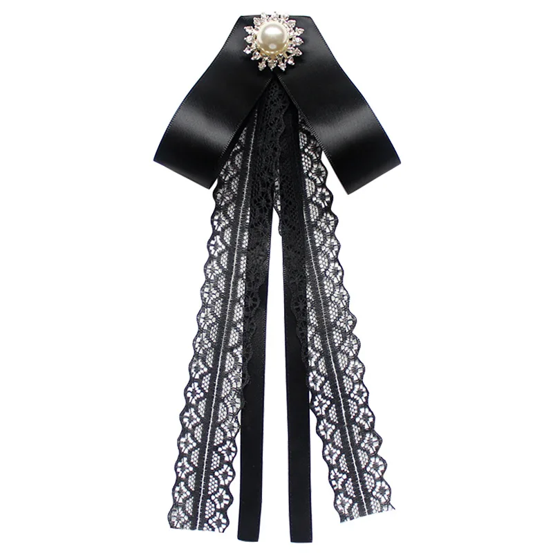Модный ленточный Кружевной Галстук-бабочка ручной работы для женщин Блузки Рубашки Броши на воротник заколка женский галстук-бабочка с жемчугом аксессуары для одежды
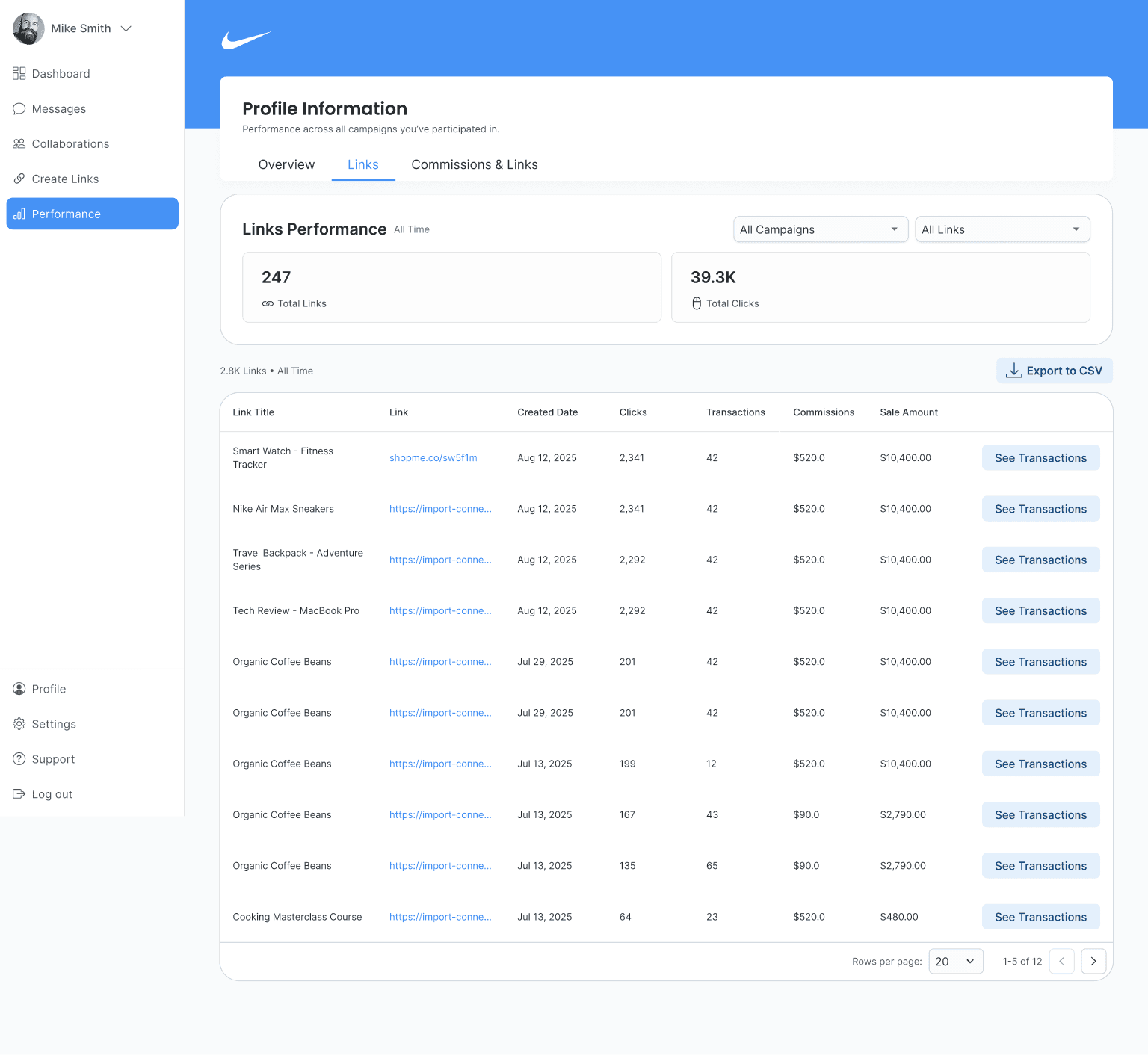 The Links tab lets creators filter affiliate links by date, clicks, transactions, commissions, and sale amount. Top-level counters show Total Links and Total Clicks with filters for campaign and link type to narrow scope quickly. Each row has a button to display transaction details, and CSV exports respect current table filters. On mobile, the display uses the same model with stacked cards for legibility.
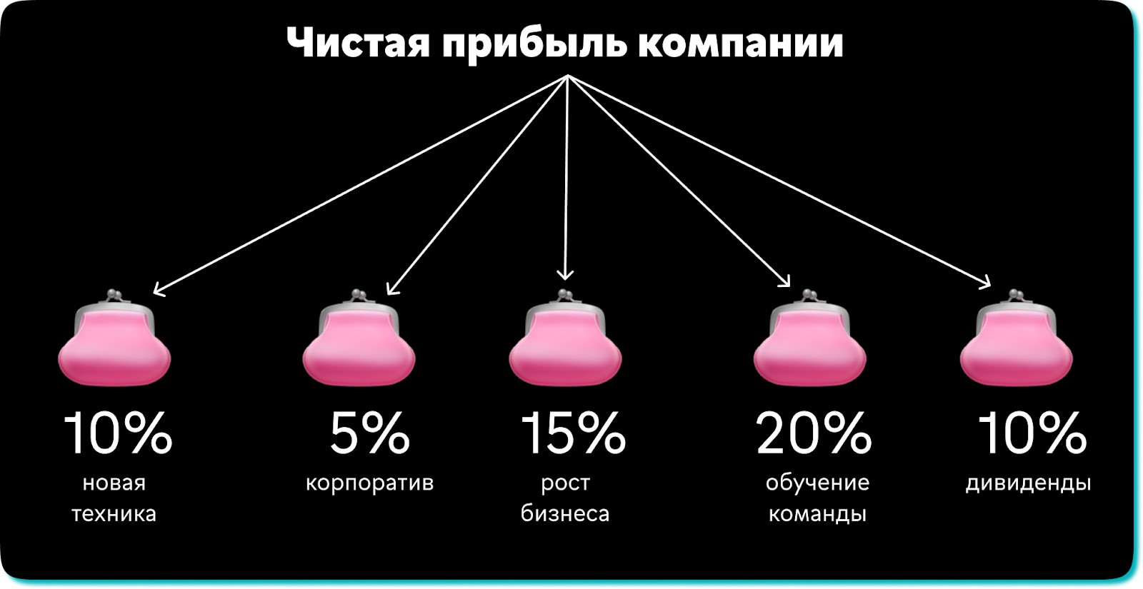 - Если прибыли нет, увы, распределять нечего. Если же есть, решить, на какие цели хотите ее использовать. Цели могут быть самыми разными: от закупки нового оборудования и повышения квалификации сотрудников до легендарного корпоратива.
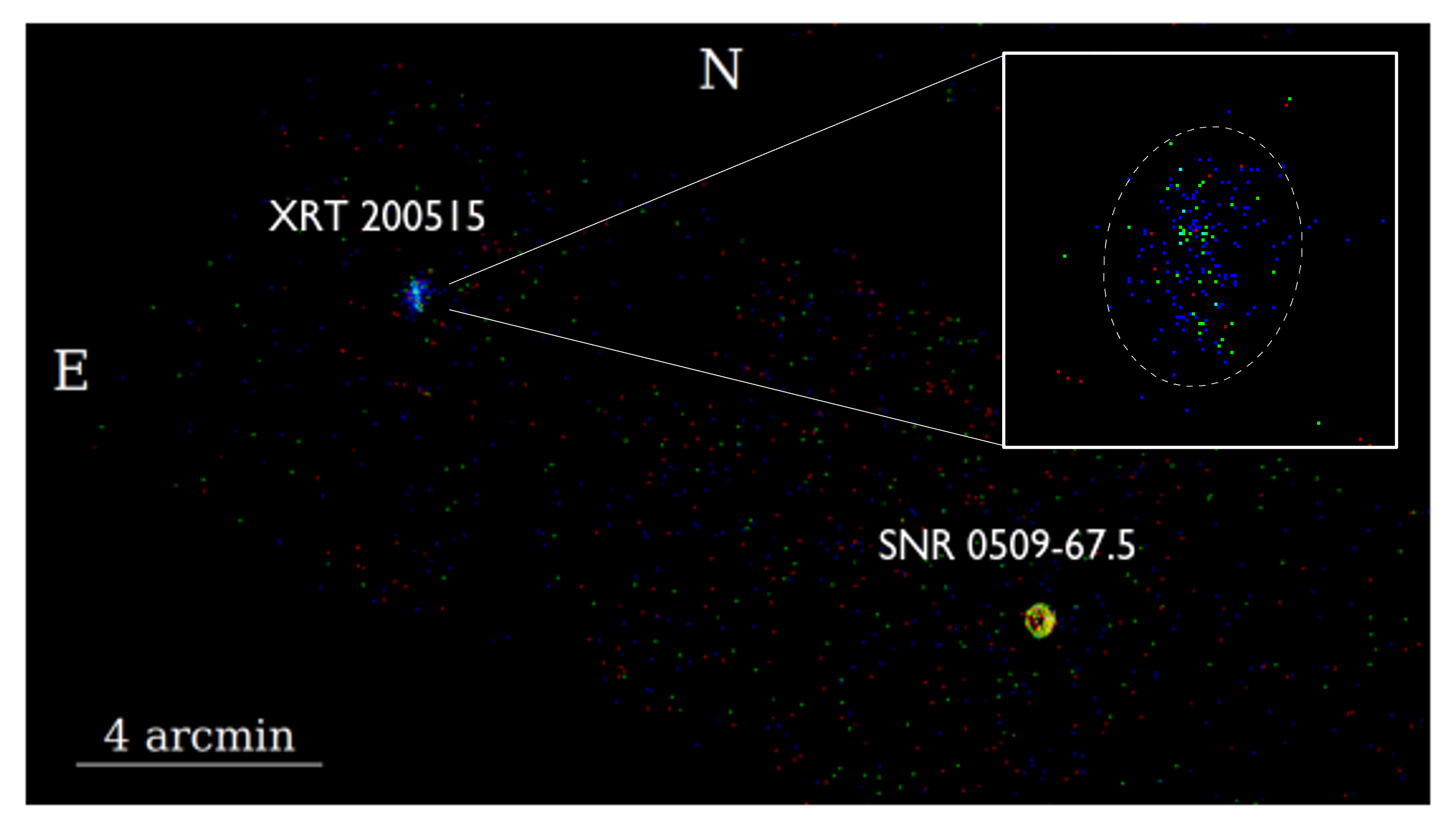 Caption: The field of view Chandra was observing when XRT 200515 occurred. The XRT 200515 label in yellow points to the burst and shows that it is only 10 seconds long.

□ □ □ □ □

Work instructions:
What is needed is an exact copy of the lines from the line with "The Links tab" to the end of the data above, both included, without any pictures.

Answer box:
 The Links tab lets creators filter affiliate links by date, clicks, transactions, commissions, and sale amount. Top-level counters show Total Links and Total Clicks with filters for campaign and link type to narrow scope quickly. Each row has a button to display transaction details, and CSV exports respect current table filters. On mobile, the display uses the same model with stacked cards for legibility.
 - Если прибыли нет, увы, распределять нечего. Если же есть, решить, на какие цели хотите ее использовать. Цели могут быть самыми разными: от закупки нового оборудования и повышения квалификации сотрудников до легендарного корпоратива.
 Caption: The field of view Chandra was observing when XRT 200515 occurred. The XRT 200515 label in yellow points to the burst and shows that it is only 10 seconds long.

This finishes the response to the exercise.